Below, locate the line that contains "구름이 조화를 이루며 푸른색을 내는 것이다.". Repeat exactly from that line to the line that contains "พระราชบัญญัติมหาวิทยาลัยทักษิณ พ.ศ. 2551", inclusive, leaving out the pictures.

++++

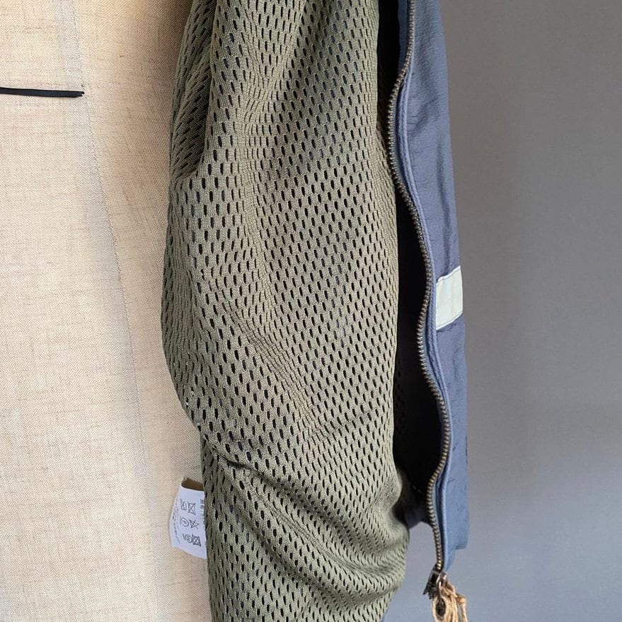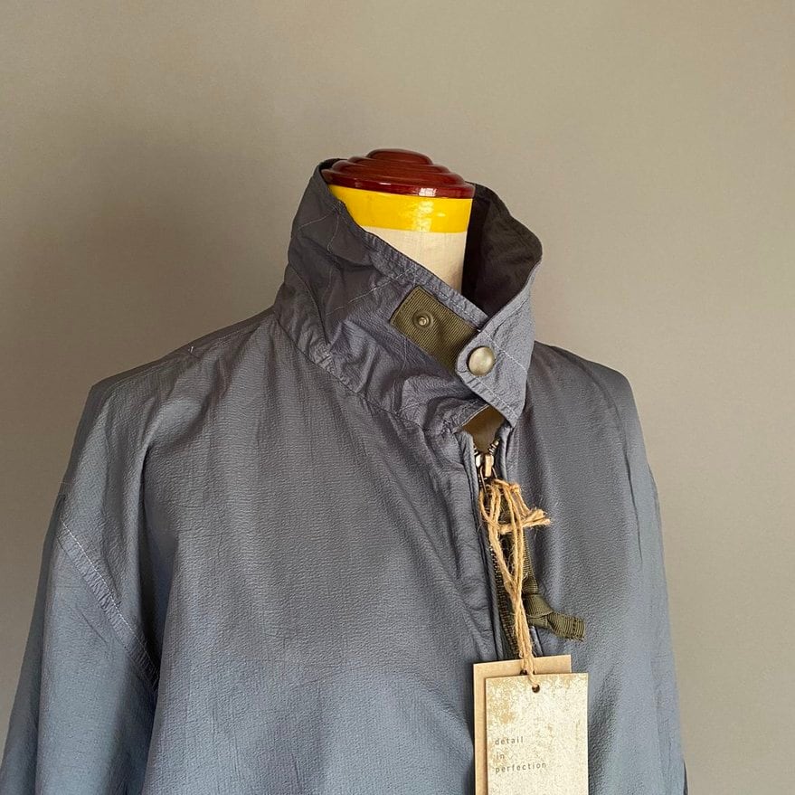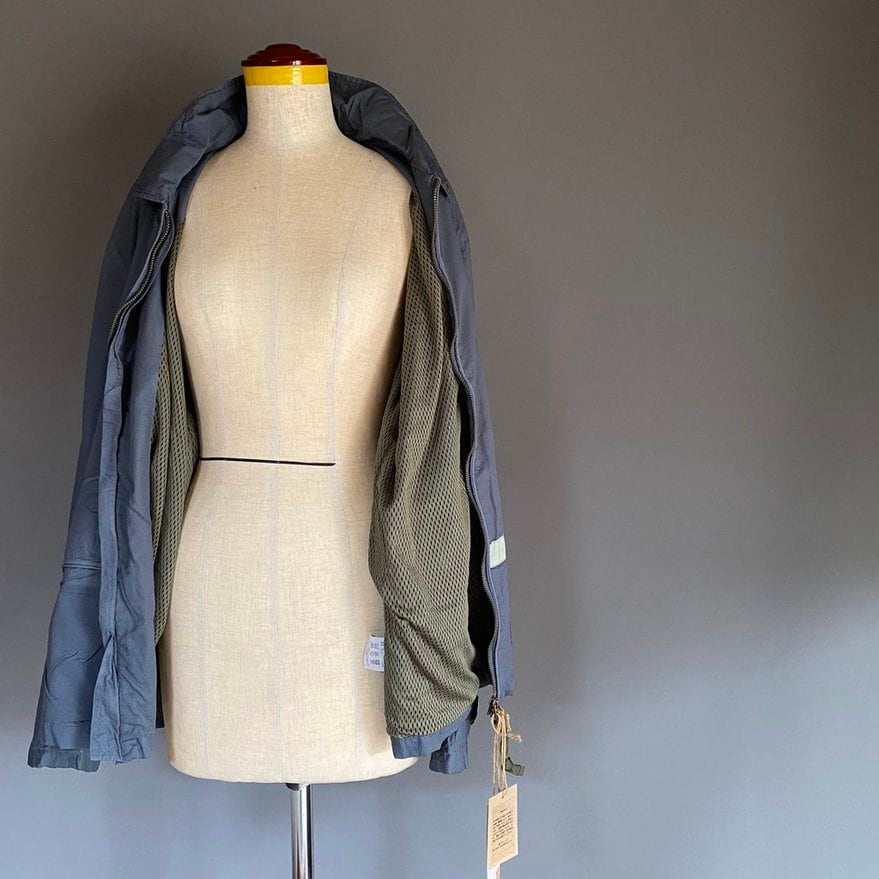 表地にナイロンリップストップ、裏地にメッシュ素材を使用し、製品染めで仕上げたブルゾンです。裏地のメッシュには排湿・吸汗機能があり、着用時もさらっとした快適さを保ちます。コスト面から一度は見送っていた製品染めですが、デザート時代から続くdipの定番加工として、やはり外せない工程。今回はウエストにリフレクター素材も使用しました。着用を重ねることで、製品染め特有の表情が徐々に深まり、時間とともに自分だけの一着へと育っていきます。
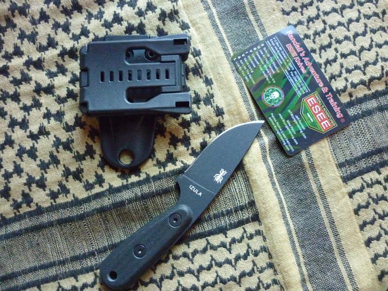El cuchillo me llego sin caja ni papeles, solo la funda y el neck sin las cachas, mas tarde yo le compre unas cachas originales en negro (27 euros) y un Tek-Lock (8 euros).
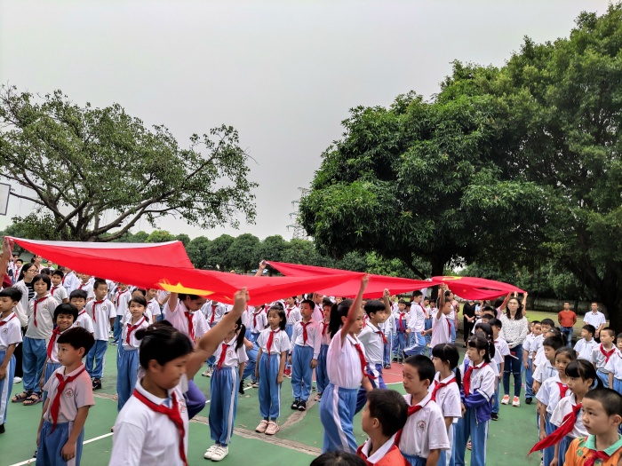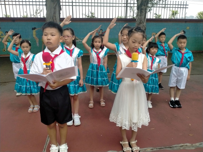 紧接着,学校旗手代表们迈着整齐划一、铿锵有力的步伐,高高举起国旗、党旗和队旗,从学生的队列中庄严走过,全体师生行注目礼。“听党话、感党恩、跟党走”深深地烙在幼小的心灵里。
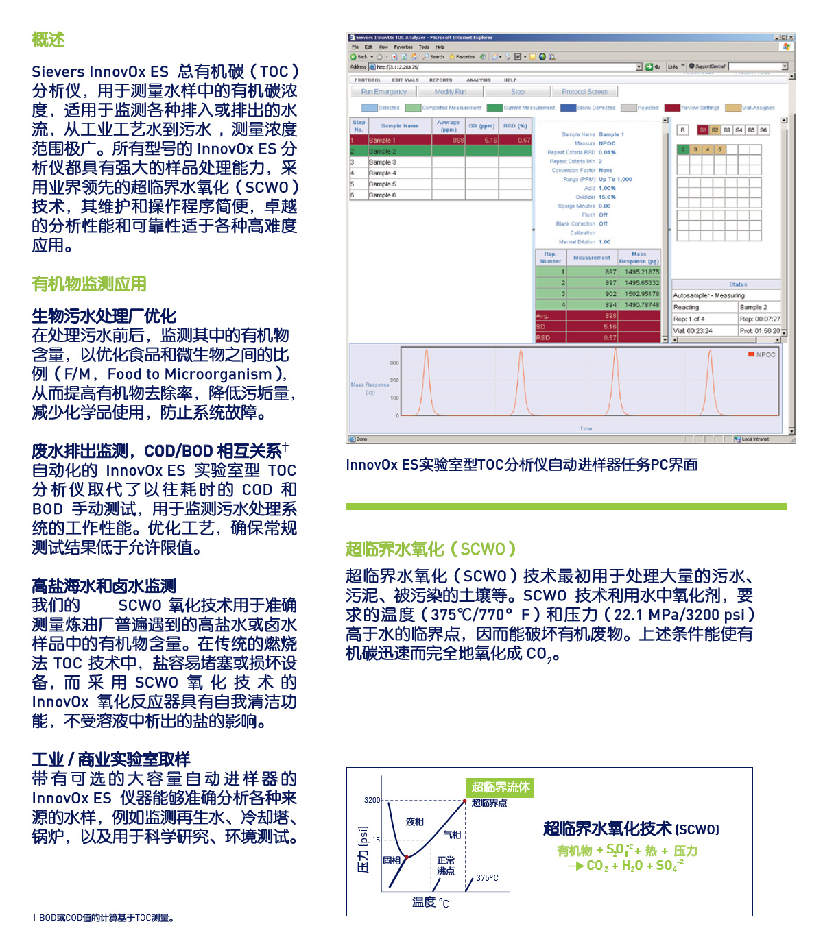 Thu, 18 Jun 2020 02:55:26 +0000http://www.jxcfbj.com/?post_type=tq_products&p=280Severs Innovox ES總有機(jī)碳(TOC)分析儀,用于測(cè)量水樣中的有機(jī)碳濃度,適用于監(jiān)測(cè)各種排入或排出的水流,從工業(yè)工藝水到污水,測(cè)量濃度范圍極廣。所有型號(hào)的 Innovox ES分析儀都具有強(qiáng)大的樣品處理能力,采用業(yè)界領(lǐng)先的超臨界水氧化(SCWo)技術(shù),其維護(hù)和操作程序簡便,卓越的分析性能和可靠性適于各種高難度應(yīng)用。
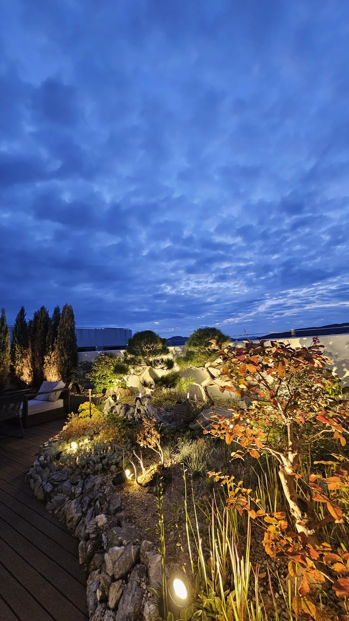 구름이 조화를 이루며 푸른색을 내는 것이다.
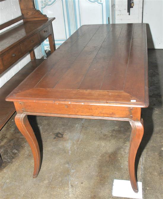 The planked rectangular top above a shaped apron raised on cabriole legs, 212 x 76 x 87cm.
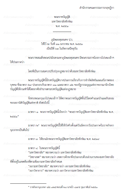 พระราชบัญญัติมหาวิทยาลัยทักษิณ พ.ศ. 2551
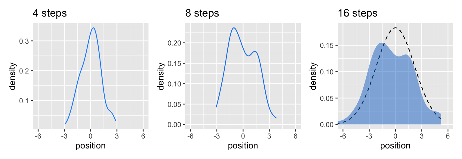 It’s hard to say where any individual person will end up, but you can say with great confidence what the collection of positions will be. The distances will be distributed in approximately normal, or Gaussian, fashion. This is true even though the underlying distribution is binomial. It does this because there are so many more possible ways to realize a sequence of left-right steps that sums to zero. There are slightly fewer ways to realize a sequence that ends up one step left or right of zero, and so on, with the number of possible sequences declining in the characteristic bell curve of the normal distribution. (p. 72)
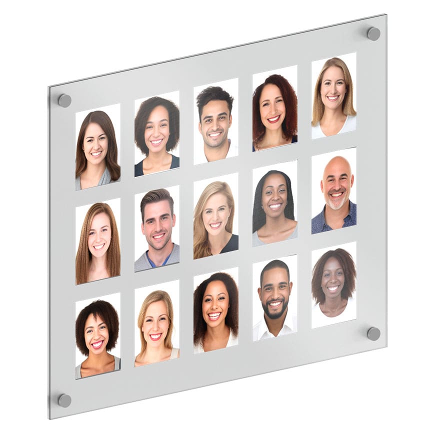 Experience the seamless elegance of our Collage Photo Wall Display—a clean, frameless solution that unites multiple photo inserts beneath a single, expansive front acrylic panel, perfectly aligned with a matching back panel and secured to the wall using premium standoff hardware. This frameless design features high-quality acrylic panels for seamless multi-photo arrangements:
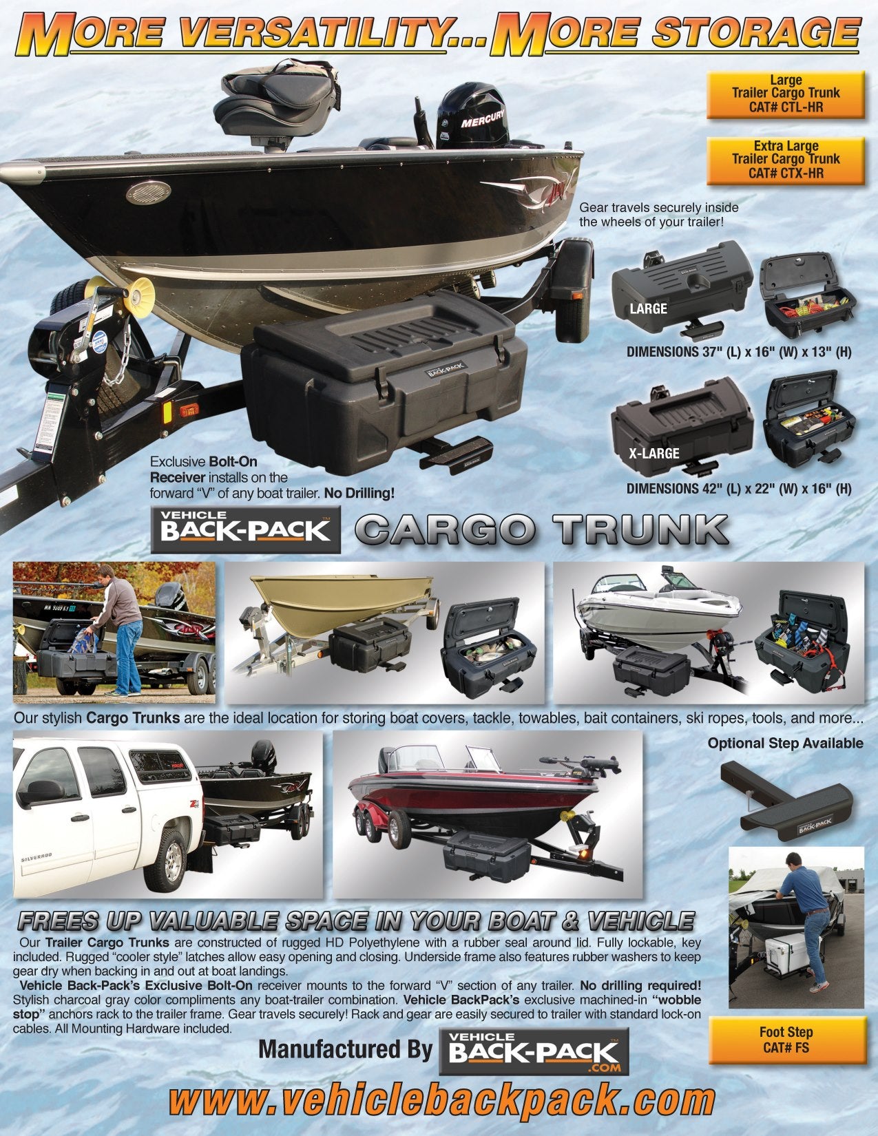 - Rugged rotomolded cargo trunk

++++

* _YOUR RESPONSE_
 구름이 조화를 이루며 푸른색을 내는 것이다.
 The planked rectangular top above a shaped apron raised on cabriole legs, 212 x 76 x 87cm.
 พระราชบัญญัติมหาวิทยาลัยทักษิณ พ.ศ. 2551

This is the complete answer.